Solo masih terlihat asri dan tenang, warganya pun masih ramah saling menyapa baik sesama penduduk setempat ataupun turis lokal seperti kami. Aku dan Ditya sudah lama tak berlibur jauh, terutama Solo, semenjak aku hamil dan kesibukan kami mengurus anak. Tiba-tiba aku merindukan semua itu, Bukittinggi, pulau Lengkuas, Danau Toba. Aku tersenyum sendiri, Arfa menggoyang-goyangkan tangan kananku. Arfa, anak kami yang kini berusia hampir 4 tahun. Tingkahnya yang lucu, cerewet, aktif dan kadang sok tau dan sok tua juga :) Hari ini kami membawa Arfa ke Solo, mengajaknya naik kereta seperti keinginannya dan mengenalkannya pada alam Solo yang indah. Ia begitu senangnya. Lalu kami mampir di Pasar Klewer, salah satu pasar batik terbesar di Indonesia. Mulai dari batik cap kain katun seharga belasan ribu sampai jutaan rupiah tersedia disini. Aku berdiri di salah satu toko, kulihat anakku sedang berusaha menegur dan bermain dengan salah satu bocah pedagang batik.
"Sudah lama jualan batik, bu?" tanyaku pada seorang mbok tua pedagang batik.
"Sudah dek, dari jaman penjajahan, dari simbok kecil," jawabnya bangga tersenyum.
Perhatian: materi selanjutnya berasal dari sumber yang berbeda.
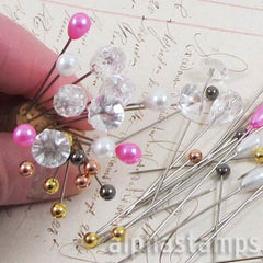 The tiny side table is made by gluing a flat round wooden bead atop a wooden finial. On top there are Tiny Thread Spools and a snip from the Mini Button Cards Half Sheet.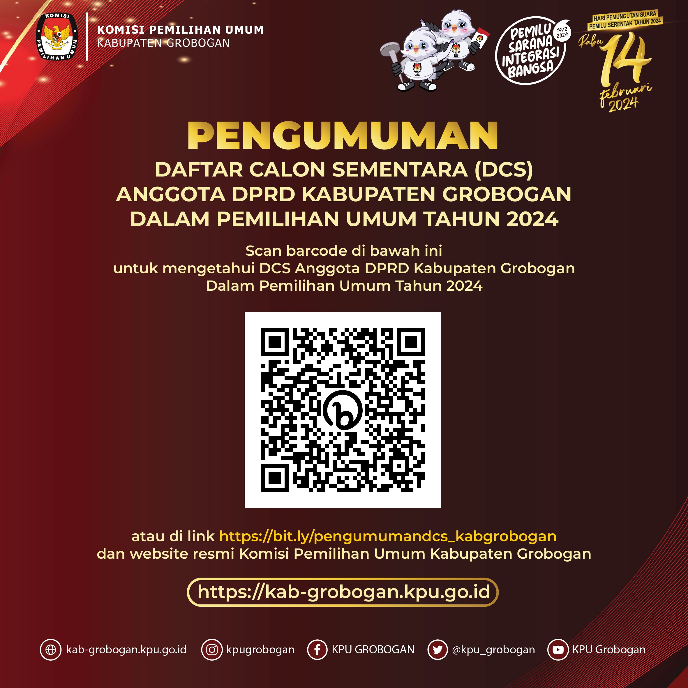 Pengumuman Daftar Calon Sementara (DCS) Anggota DPRD Kabupaten Grobogan Dalam Pemilihan Umum Tahun 2024 Sabtu, 19 Agustus 2023 07:00 2613 Pengumuman Daftar Calon Sementara (DCS) Anggota DPRD Kabupaten Grobogan Dalam Pemilihan Umum Tahun 2024, informasi selengkapnya dapat dilihat disini Baca Selengkapnya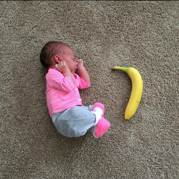 Una idea genial de ir registrando cómo crece el bebé es la que ha tenido Jen (@herewegoajen), una madre que registra el crecimiento de su bebé comparando su tamaño con objetos cotidianos.

"Wah, beneran mbok?" aku terperanjat.
"Iya. Loh dulunya Pasar Klewer ini kan difungsikan sebagai tempat pemberhentian kereta, terus banyak yang berjualan," simbok mulai bercerita.
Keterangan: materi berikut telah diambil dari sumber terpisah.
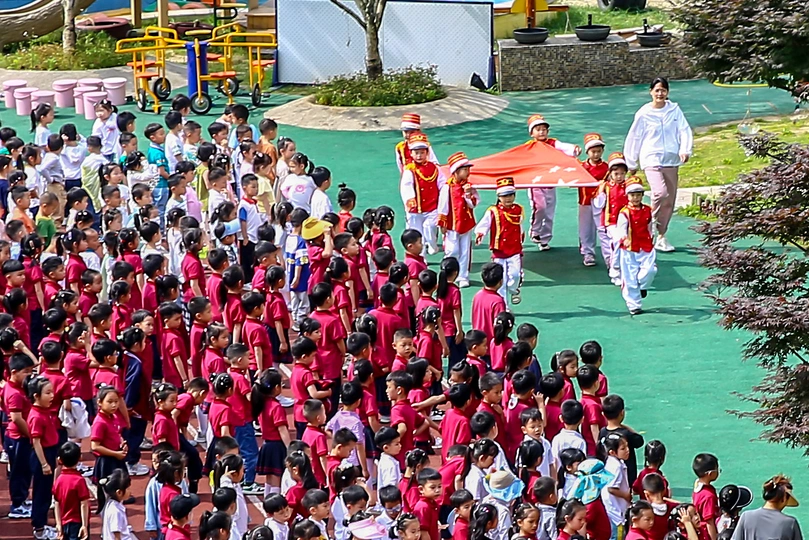 每个周一上午,楼下的幼儿园就有一个升国旗仪式,爱国,从娃娃抓起。

"Dulu ini namanya Pasar Slompretan, asalnya dari suara kereta yang mirip dengan suara terompet ditiup," ia seperti mengenang tempat ini.
"Dari dulu itu ya sudah banyak yang jual batik tapi dengan cara dipanggul di pundak, nah karena dipanggul itu batiknya kelihatan berkleweran jadi orang lebih banyak menyebut Pasar Klewer," ujar simbok dengan suara khas Jawa nya.
"Dari mana toh dek?" tanyanya kemudian.
"Dari Jakarta mbok," jawabku tersenyum.
Cerita simbok hampir membuatku lupa kalau aku menunggu Ditya bersama Arfa. Tapi Arfa mendadak tak ada di hadapanku. Aku panik. Padahal aku yakin masih melihat Arfa di dekatku bergurau dengan bocah itu.
"Mari dek, simbok bantu cari, si Tole itu biasanya ndak jauh mainnya, cuma sekitar sini terus balik ke simboknya," ucap simbok dengan santai berusaha menenangkanku.
"Lah itu, bener kan, itu anakmu dek," simbok tersenyum.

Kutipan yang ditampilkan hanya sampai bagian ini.